• [Work request]
Exactly the lines from the one containing "A good example" through the one containing "Peacock Nakshi Chandbali" in the listing below are to be copied, with the pictures left out.

(Input material)

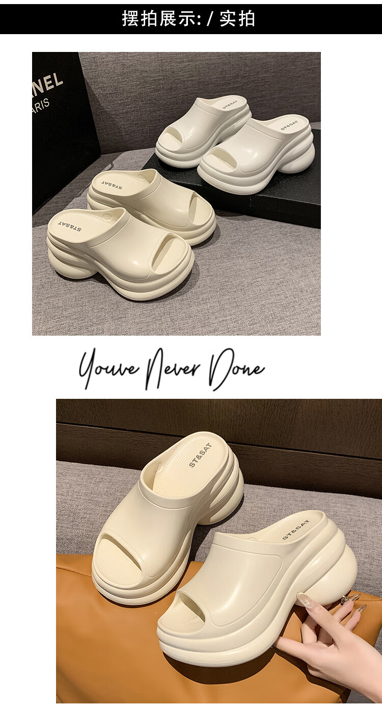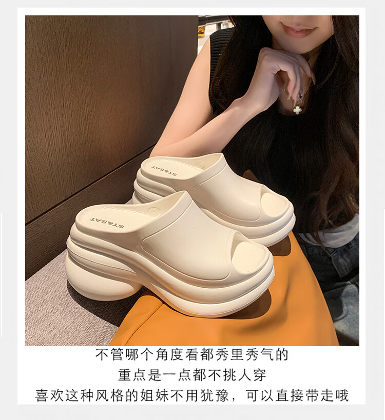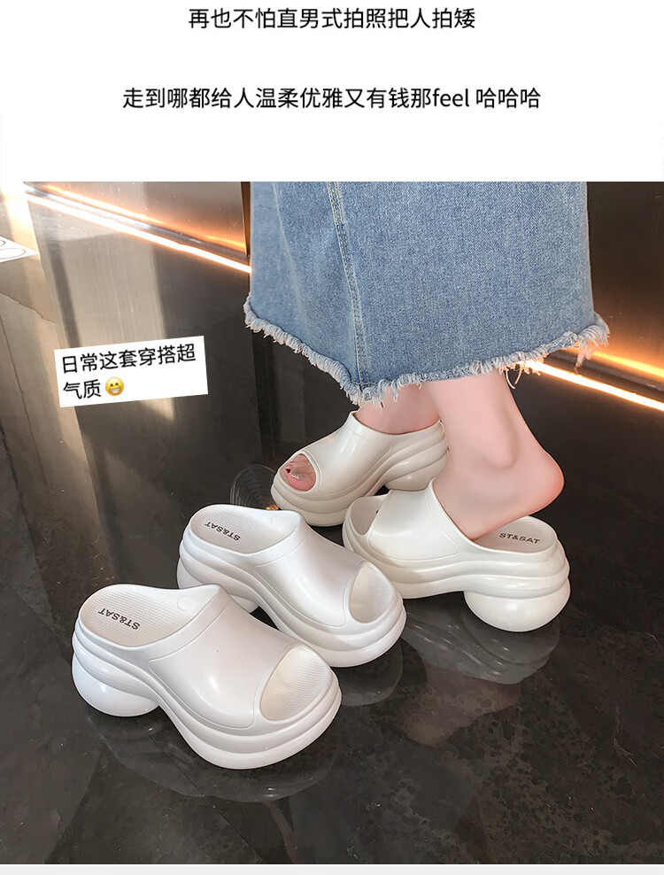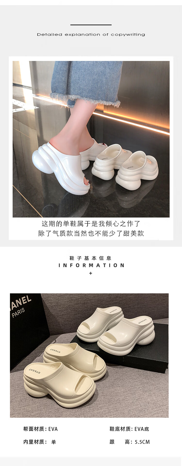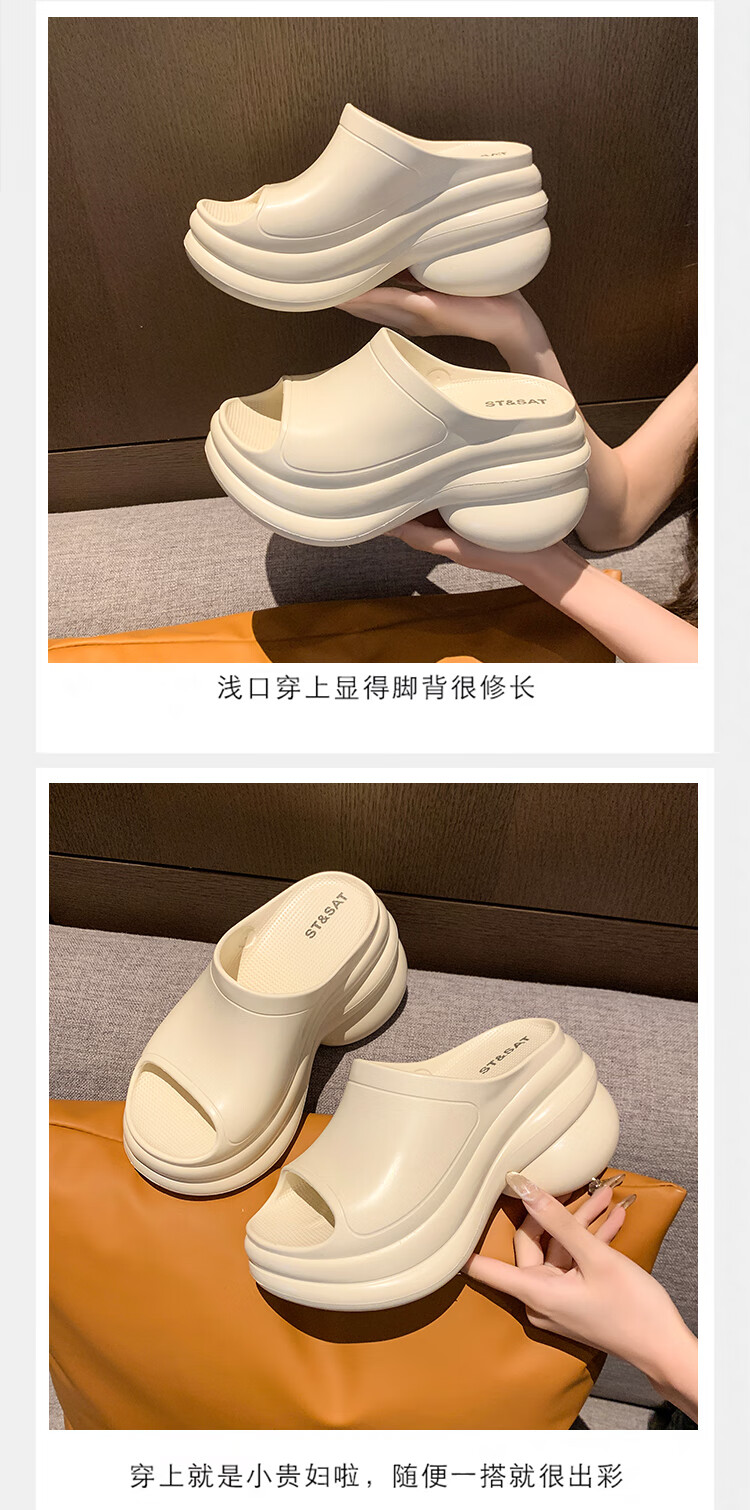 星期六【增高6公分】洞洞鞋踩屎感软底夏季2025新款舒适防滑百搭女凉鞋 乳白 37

(End Input material)
(Input material)

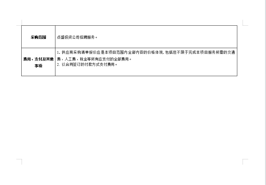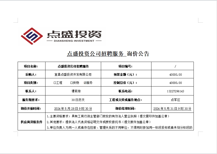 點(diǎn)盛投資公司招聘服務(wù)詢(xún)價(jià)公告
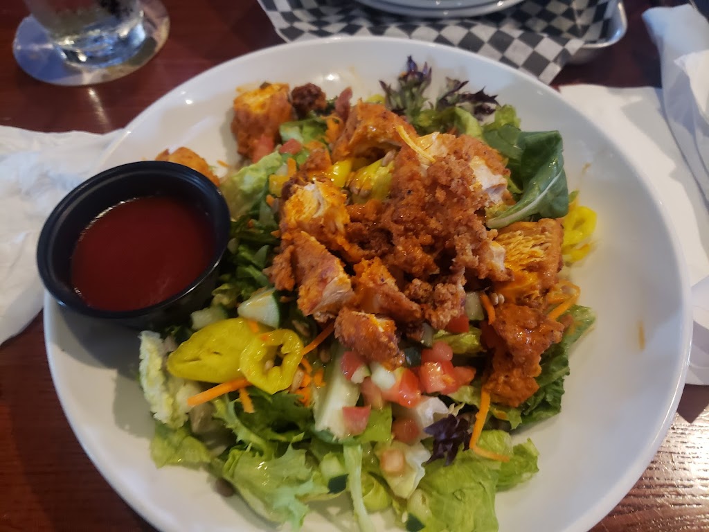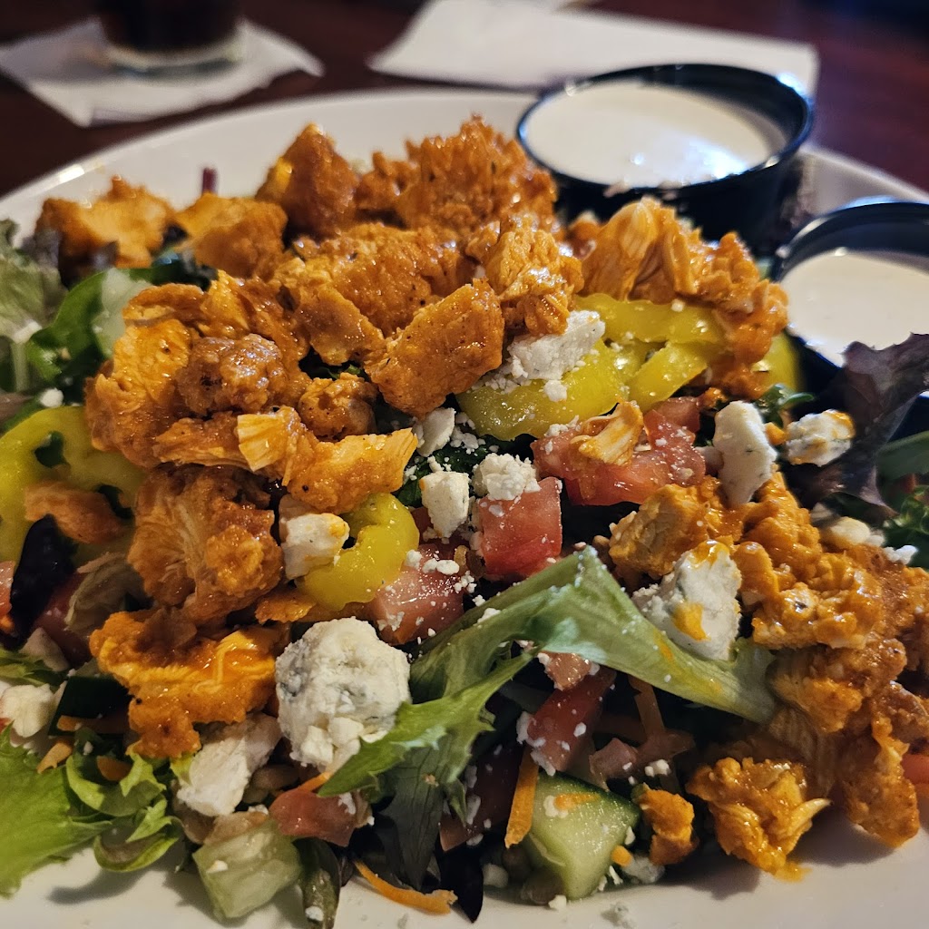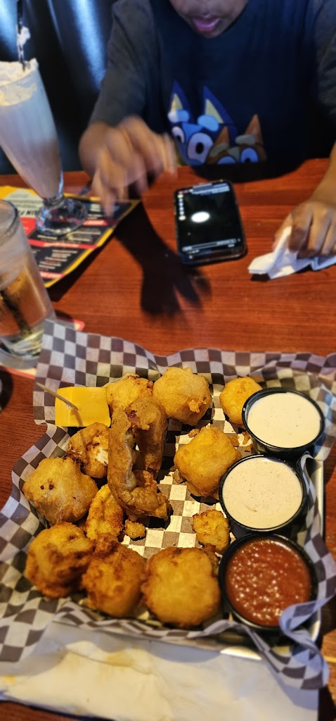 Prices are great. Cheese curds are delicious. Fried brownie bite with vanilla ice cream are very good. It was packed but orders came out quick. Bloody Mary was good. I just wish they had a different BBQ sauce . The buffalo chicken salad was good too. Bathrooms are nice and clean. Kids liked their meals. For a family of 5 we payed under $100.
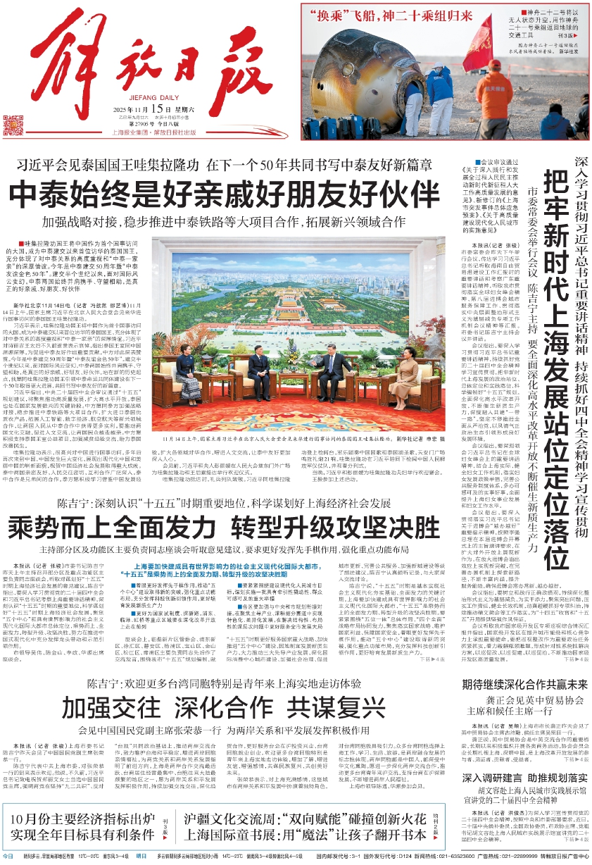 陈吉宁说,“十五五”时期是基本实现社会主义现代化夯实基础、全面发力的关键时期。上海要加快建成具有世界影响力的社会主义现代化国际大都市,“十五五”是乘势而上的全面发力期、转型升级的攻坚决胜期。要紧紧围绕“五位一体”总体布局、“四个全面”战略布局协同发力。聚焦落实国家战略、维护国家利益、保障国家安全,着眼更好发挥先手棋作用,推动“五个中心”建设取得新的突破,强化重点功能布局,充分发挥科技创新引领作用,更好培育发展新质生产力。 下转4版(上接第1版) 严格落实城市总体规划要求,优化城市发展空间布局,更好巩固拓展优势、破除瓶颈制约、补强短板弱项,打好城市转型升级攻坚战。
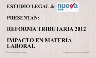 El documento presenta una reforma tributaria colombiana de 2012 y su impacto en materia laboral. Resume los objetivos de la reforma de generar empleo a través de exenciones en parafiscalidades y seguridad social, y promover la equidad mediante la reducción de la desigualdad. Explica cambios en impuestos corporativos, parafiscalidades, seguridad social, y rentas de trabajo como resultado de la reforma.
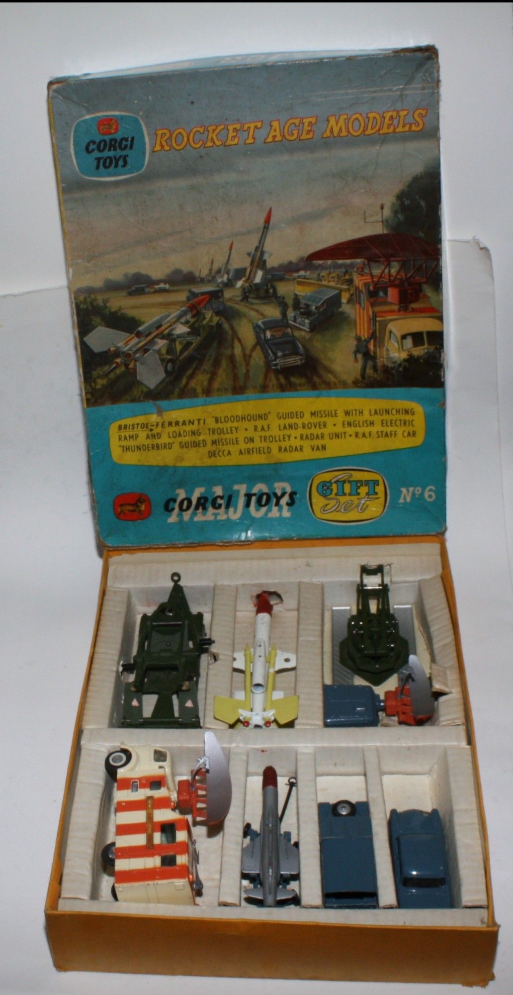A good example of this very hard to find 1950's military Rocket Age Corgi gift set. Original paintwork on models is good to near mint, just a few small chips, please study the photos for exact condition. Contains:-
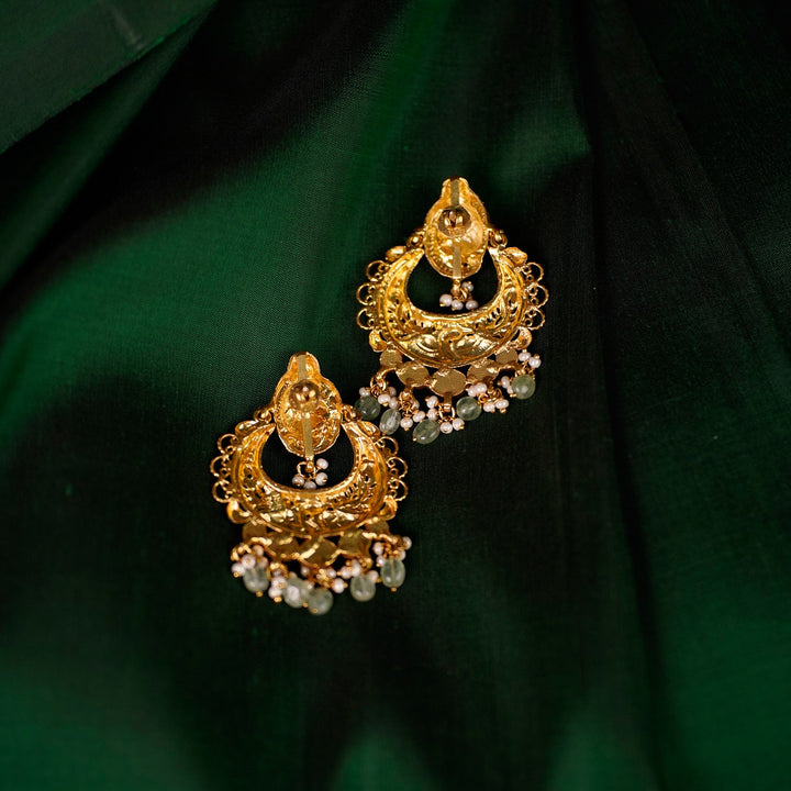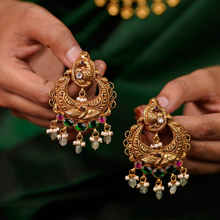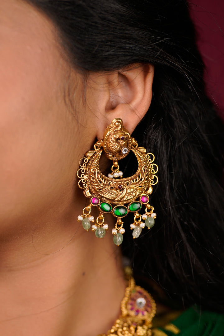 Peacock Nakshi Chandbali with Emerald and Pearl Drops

(End Input material)
(Input material)

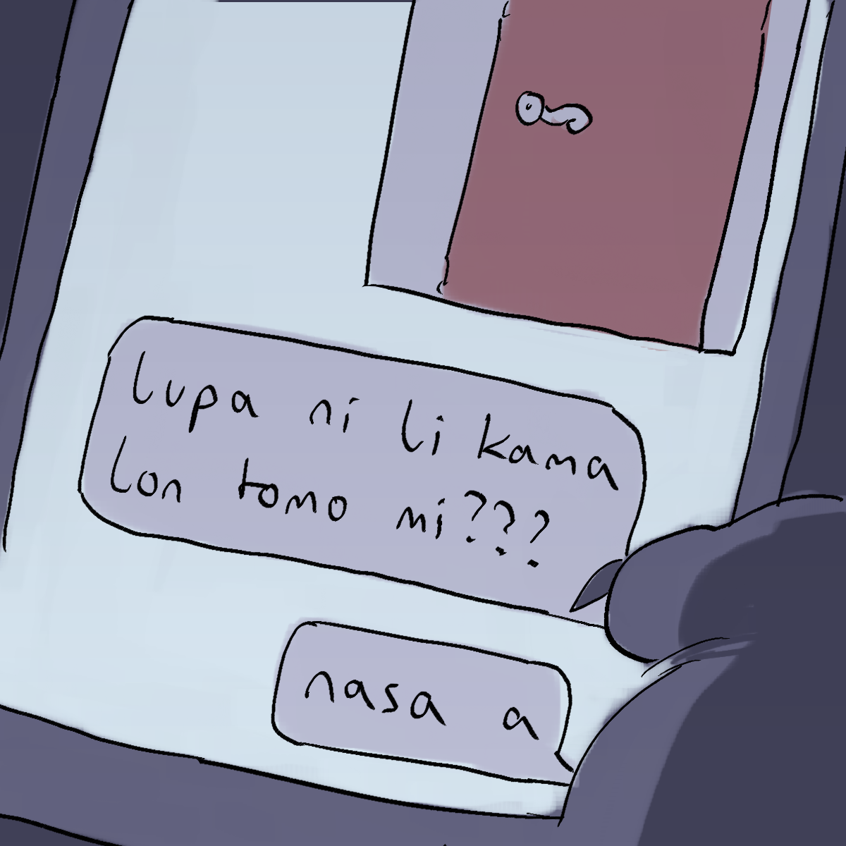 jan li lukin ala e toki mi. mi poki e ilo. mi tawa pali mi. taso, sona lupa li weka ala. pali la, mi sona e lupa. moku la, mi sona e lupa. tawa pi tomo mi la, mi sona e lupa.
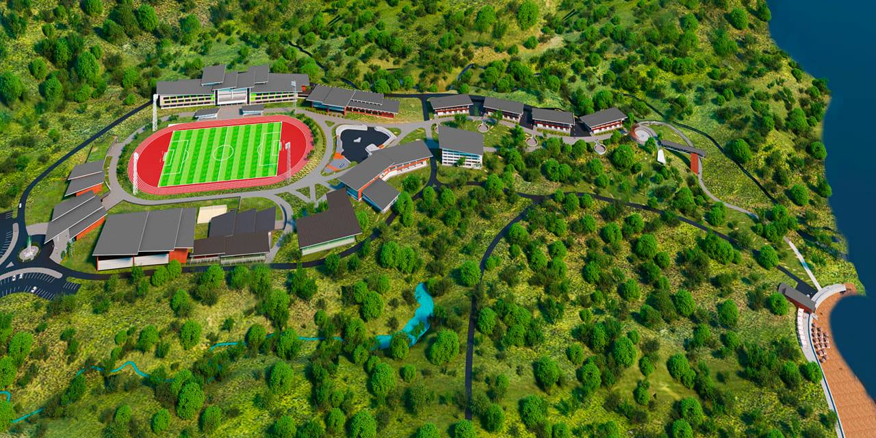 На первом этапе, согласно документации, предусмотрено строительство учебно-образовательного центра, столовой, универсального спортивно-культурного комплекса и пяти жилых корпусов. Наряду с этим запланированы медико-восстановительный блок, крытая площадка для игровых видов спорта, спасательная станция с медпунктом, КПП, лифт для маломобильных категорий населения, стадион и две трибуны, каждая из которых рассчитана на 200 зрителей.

(End Input material)

• [Exercise response]
A good example of this very hard to find 1950's military Rocket Age Corgi gift set. Original paintwork on models is good to near mint, just a few small chips, please study the photos for exact condition. Contains:-
 Peacock Nakshi Chandbali with Emerald and Pearl Drops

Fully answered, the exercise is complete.